Aim of the exercise:
Write out all records as given; omit images.

Records shown:
=-=-=-=-=

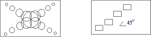 Семейство окружностей, радиусы которых изменяются на величину шага цикла (STEP 10). Координата центра изменяется по оси ОХ так же на величину шага (STEP 10).
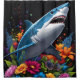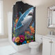A simple yet striking shark design featured on a shower curtain set. The shark is depicted in a clean, minimalist style, giving a modern and sleek look to the bathroom. The plain background enhances the sharpness of the shark's silhouette, making it an eye-catching centrepiece for a contemporary décor setting.
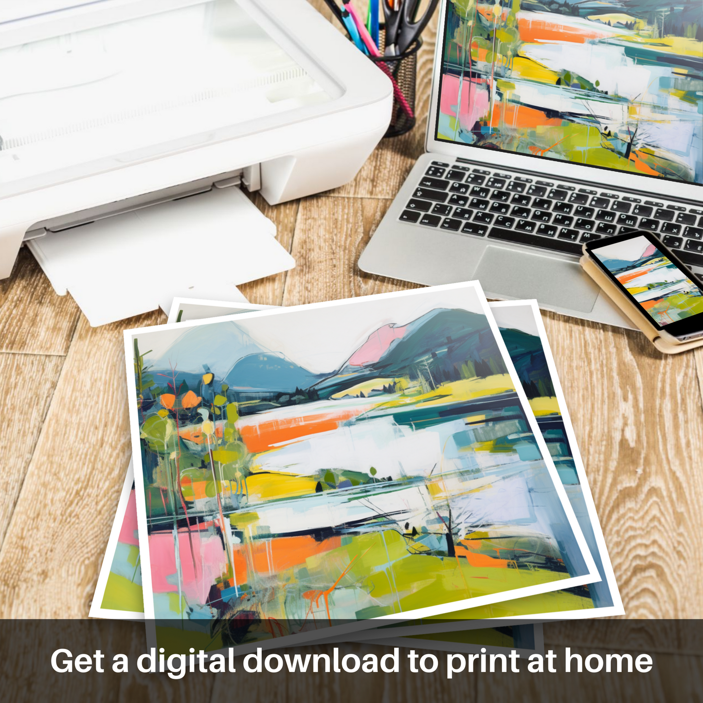 Visual elements suggest reflections in the loch's glassy surface, hinting at a world as rich below the waterline as it is above. Splashes of colour give the impression of wildflowers dotting the terrain, and thin, energetic lines perhaps allude to the vegetation and wildlife that thrive in this lush, verdant environment.
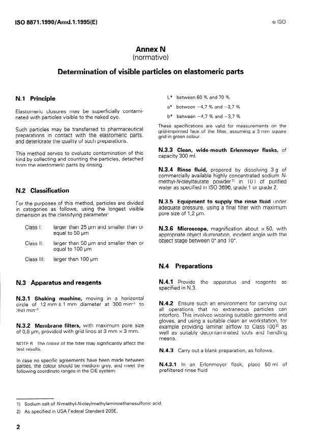 ISO 8871:1990/Amd 1:1995 is a standard published by the International Organization for Standardization (ISO). Its full title is "Elastomeric parts for aqueous parenteral preparations — Amendment 1". This standard covers: Contains minor amendments and adds two new annexes.
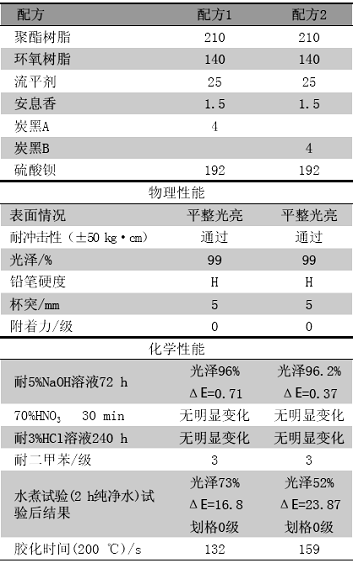 表 4 的试验结果表明,不同厂家生产的炭黑配制的粉末涂料涂膜光泽、机械强度等技术指标基本一致,但耐化学试验结果差异较大,如耐碱试验(耐 5%NaOH 溶液 72 h )后色差有不同程度的变化 ; 水煮 2h 试验后光泽较水煮试验前变化较大,色差变化差异很大 ; 说明两种炭黑耐水性能差别较大,炭黑 A 耐水性能 > 炭黑 B 。在粉末涂料实际配方设计时应考虑到炭黑的耐水性能,特别是客户要求在潮湿条件下使用时应该慎重选择炭黑颜料。两种炭黑胶化时间相差较大,从涂膜流平看炭黑 A 的流平次于炭黑 B 的流平,见表 5 。
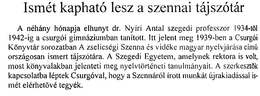A néhány hónapja elhunyt dr. Nyíri Antal szegedi professzor 1934-től 1942-ig a csurgói gimnáziumban tanított. Itt jelent meg 1939-ben a Csurgói Könyvtár sorozatban A zselicségi Szenna és vidéke magyar nyelvjárása című
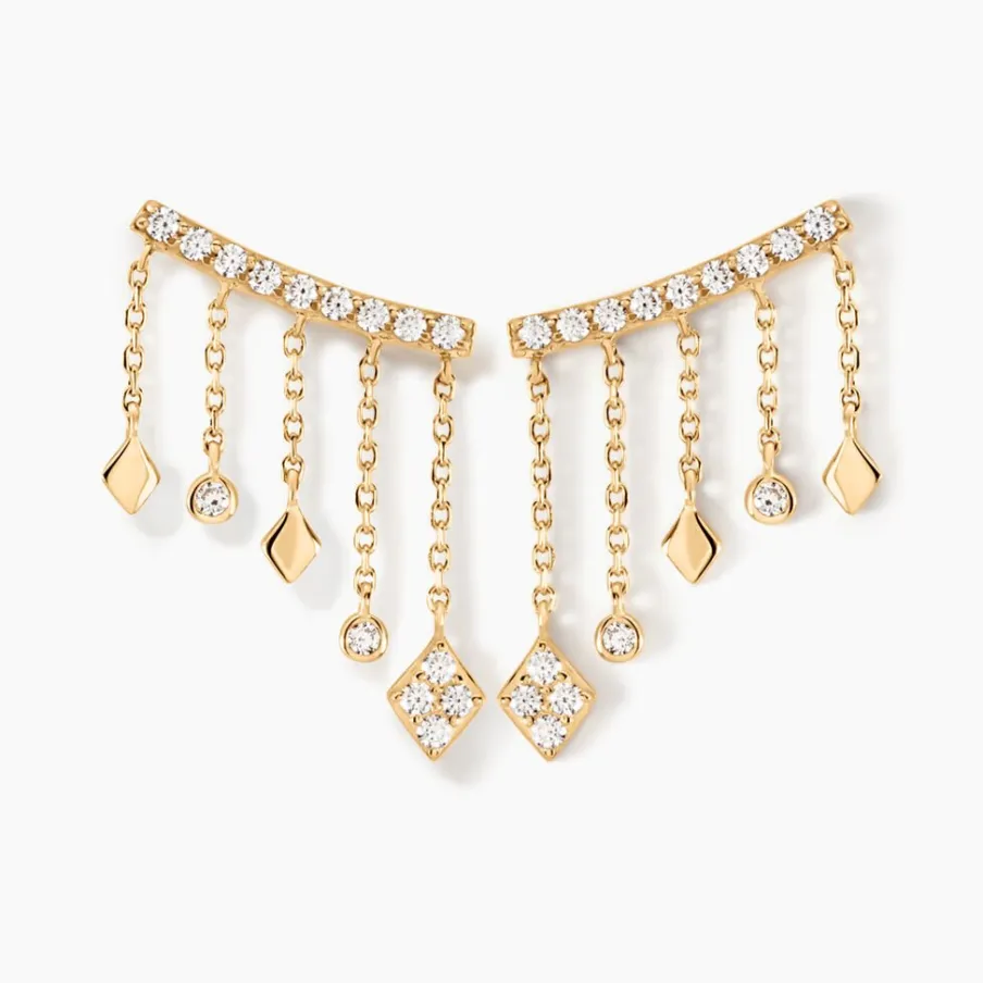 Boucles D’oreilles Pendantes Or Jaune 375/1000 5 Chaines Forcat Sur Barre Pavage Oxydes De Zirconium
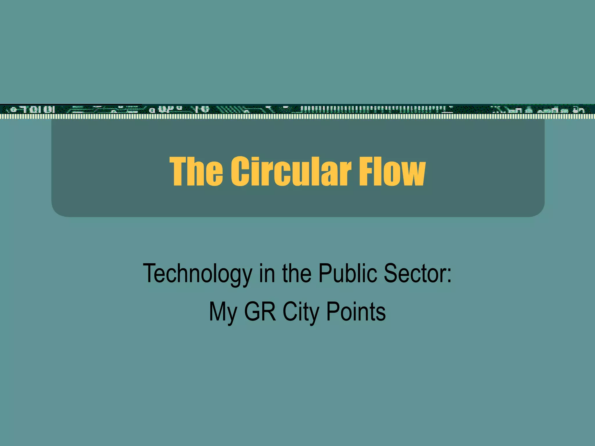 The document describes MyGRCityPoints, a program launched by the city of Grand Rapids that rewards citizens with points for community engagement activities that can be redeemed with local businesses. The program aims to create a circular flow of benefits between citizens, local non-profits and businesses by linking community involvement with economic development and civic participation. It will roll out features over time using web and mobile technology to track points for activities like recycling, volunteering and shopping locally.
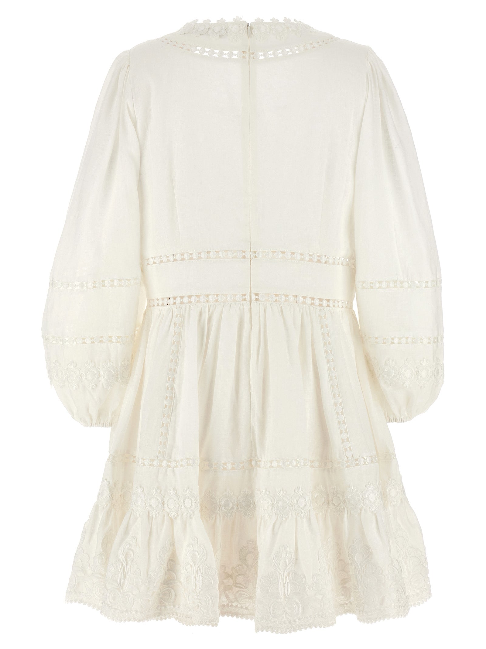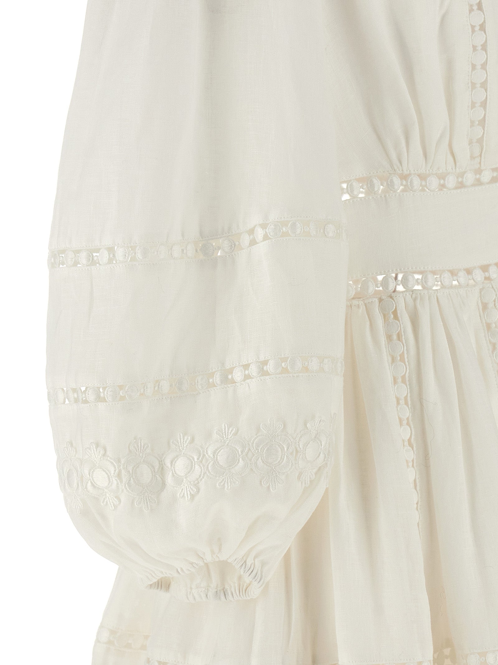 Abito di lino mini "tagliato a pop con ricamo, scollo a V, chiusura a zip posteriore, maniche lunghe con polsini elastici.
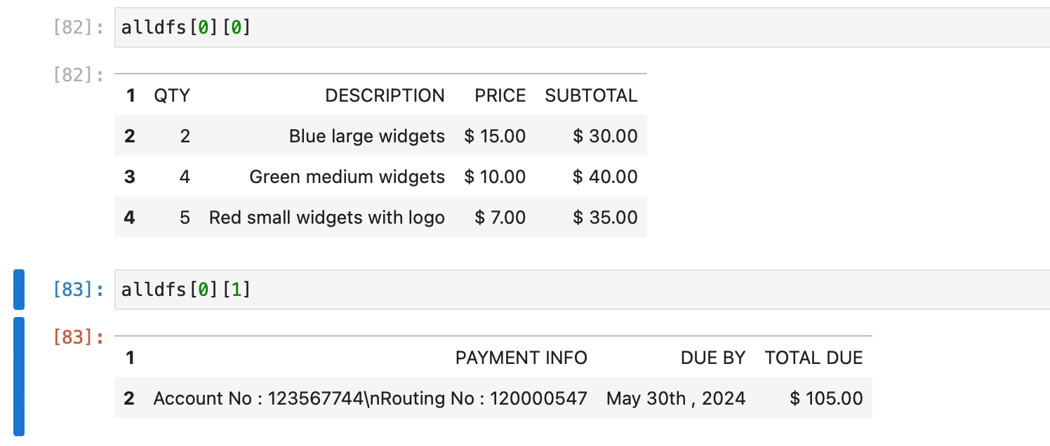 We can see that the two tables present on the invoice pdf have been detected and stored as dataframes on the first page alldfs[0], and the two tables can be accessed at alldfs[0][0] and alldfs[0][1].

=-=-=-=-=

Task answer:
 Семейство окружностей, радиусы которых изменяются на величину шага цикла (STEP 10). Координата центра изменяется по оси ОХ так же на величину шага (STEP 10).
A simple yet striking shark design featured on a shower curtain set. The shark is depicted in a clean, minimalist style, giving a modern and sleek look to the bathroom. The plain background enhances the sharpness of the shark's silhouette, making it an eye-catching centrepiece for a contemporary décor setting.
 Visual elements suggest reflections in the loch's glassy surface, hinting at a world as rich below the waterline as it is above. Splashes of colour give the impression of wildflowers dotting the terrain, and thin, energetic lines perhaps allude to the vegetation and wildlife that thrive in this lush, verdant environment.
 ISO 8871:1990/Amd 1:1995 is a standard published by the International Organization for Standardization (ISO). Its full title is "Elastomeric parts for aqueous parenteral preparations — Amendment 1". This standard covers: Contains minor amendments and adds two new annexes.
 表 4 的试验结果表明,不同厂家生产的炭黑配制的粉末涂料涂膜光泽、机械强度等技术指标基本一致,但耐化学试验结果差异较大,如耐碱试验(耐 5%NaOH 溶液 72 h )后色差有不同程度的变化 ; 水煮 2h 试验后光泽较水煮试验前变化较大,色差变化差异很大 ; 说明两种炭黑耐水性能差别较大,炭黑 A 耐水性能 > 炭黑 B 。在粉末涂料实际配方设计时应考虑到炭黑的耐水性能,特别是客户要求在潮湿条件下使用时应该慎重选择炭黑颜料。两种炭黑胶化时间相差较大,从涂膜流平看炭黑 A 的流平次于炭黑 B 的流平,见表 5 。
A néhány hónapja elhunyt dr. Nyíri Antal szegedi professzor 1934-től 1942-ig a csurgói gimnáziumban tanított. Itt jelent meg 1939-ben a Csurgói Könyvtár sorozatban A zselicségi Szenna és vidéke magyar nyelvjárása című
 Boucles D’oreilles Pendantes Or Jaune 375/1000 5 Chaines Forcat Sur Barre Pavage Oxydes De Zirconium
 The document describes MyGRCityPoints, a program launched by the city of Grand Rapids that rewards citizens with points for community engagement activities that can be redeemed with local businesses. The program aims to create a circular flow of benefits between citizens, local non-profits and businesses by linking community involvement with economic development and civic participation. It will roll out features over time using web and mobile technology to track points for activities like recycling, volunteering and shopping locally.
 Abito di lino mini "tagliato a pop con ricamo, scollo a V, chiusura a zip posteriore, maniche lunghe con polsini elastici.
 We can see that the two tables present on the invoice pdf have been detected and stored as dataframes on the first page alldfs[0], and the two tables can be accessed at alldfs[0][0] and alldfs[0][1].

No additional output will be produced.